Hm alright, I suspect it might be a stupid code added in the early days, possibly greentea.cpp. That'll have to be cleaned up anyways. https://github.com/naibaf7/caffe/blob/master/src/caffe/greentea/greentea.cpp

naibaf7 commented 7 years ago

So my current hypothesis is that this "workaround" is there for places where it is OK to pass nullptr into the CUDA kernel, but we can't pass a nullptr-cl_mem object into the kernel (CL_INVALID_MEM_OBJECT), so the workaround was to allocate a temporary buffer of size 0. But apparently some OpenCL SDKs are also not OK with that and will fail either early (on allocation) or later on. As I see it the problem exists only with the pooling layers, and I'll look for another workaround now.

naibaf7 commented 7 years ago

Should hopefully be resolved with the latest commits (+ a few other bugfixes). Tested runtests on AMD and nVidia Linux OpenCL implementation.

psyhtest commented 7 years ago

@naibaf7

On the GTX 1080, the same benchmark now runs with errcode=0 for all the OpenCL API calls.
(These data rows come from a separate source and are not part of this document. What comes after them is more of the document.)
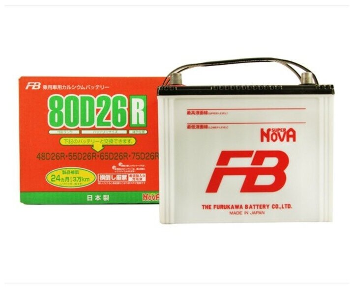 Аккумулятор FURUKAWA BATTERY FB SUPER NOVA арт. 80D26R, Ёмкость 68 Ah, пусковой ток 700 А, 257x170x227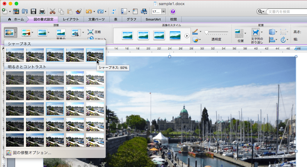 挿入した図の明るさやコントラスト、または鮮明度を調整するには、対象となる図を選択して[図の書式設定]タブを開き、[調整]グループの[図を修整]をクリックして、一覧から選択します。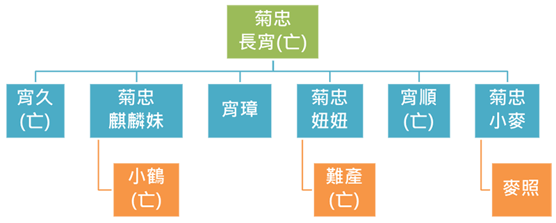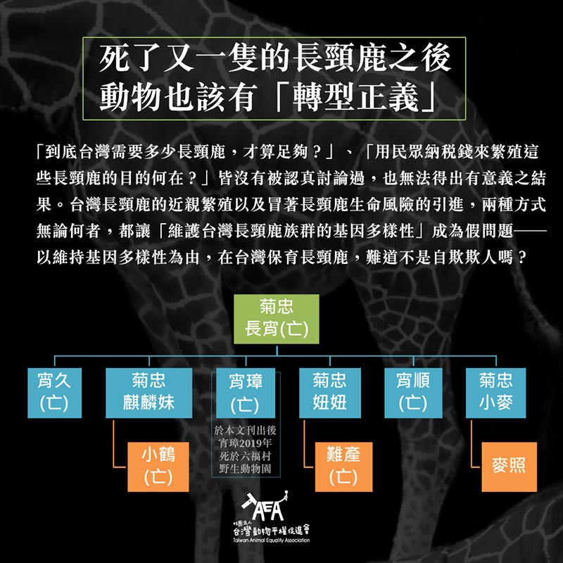 前述所謂的「借殖」,原本用意乃是「域外保育」為維持基因多樣性常用的手段,意即在不同的動物園之間,交換動物個體以避免近親繁殖。但根據事實,台北市立動物園的長頸鹿就不乏近親繁殖,園中現有的4頭長頸鹿,分別是「菊忠」、「麒麟妹」、「小麥」、「麥照」,近幾年的族譜及死亡如下圖所示。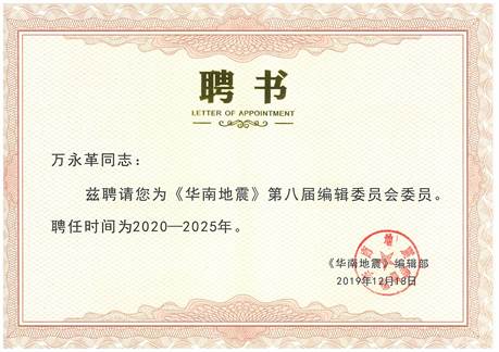 日前,pp电子万永革研究员受聘为《华南地震》第八届编辑委员会委员,聘任时间为2020—2025年。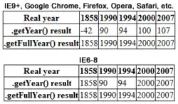 - JavaScript was changed due to concerns over the Y2K bug, and the return value for years changed and thus differed between versions from sometimes being a four digit representation and sometimes a two-digit representation forcing programmers to rewrite already working code to make sure web pages worked for all versions.[32][33]

It still segfaults though, but I believe it's unrelated:

I0209 11:41:03.430191 47885 caffe.cpp:475] Total Time: 144.459 ms.
I0209 11:41:03.430194 47885 caffe.cpp:476] *** Benchmark ends ***
*** Aborted at 1486640463 (unix time) try "date -d @1486640463" if you are using GNU date ***
PC: @                0x0 (unknown)
*** SIGSEGV (@0x1100) received by PID 47885 (TID 0x7f45d4895ac0) from PID 4352; stack trace: ***
    @     0x7f45d2a1c4b0 (unknown)
    @     0x7f45d3d22f72 caffe::SyncedMemory::~SyncedMemory()
    @     0x7f45d3d13b02 boost::detail::sp_counted_impl_p<>::dispose()
    @     0x7f45d3cc191a boost::detail::sp_counted_base::release()
    @     0x7f45d3ccf542 boost::detail::sp_counted_impl_p<>::dispose()
    @     0x7f45d3cad4b9 boost::detail::sp_counted_impl_p<>::dispose()
    @     0x7f45d3caa6a8 std::vector<>::~vector()
    @     0x7f45d2a2136a __cxa_finalize
    @     0x7f45d3ca4573 (unknown)

I'll test on the Mali-T628 next... Just need to remember to build using:

$  ck install package:lib-caffe-bvlc-opencl-viennacl-universal \
  --env.DISABLE_DOUBLE_SUPPORT=ON \
  --env.DISABLE_DEVICE_HOST_UNIFIED_MEMORY=ON \
  --env.CK_HOST_CPU_NUMBER_OF_PROCESSORS=2
psyhtest commented 7 years ago

I've checked on the Odroid XU3 platform, and this problem has gone away. I'm struggling with another issue now, but I'll open a new ticket for that. Thanks.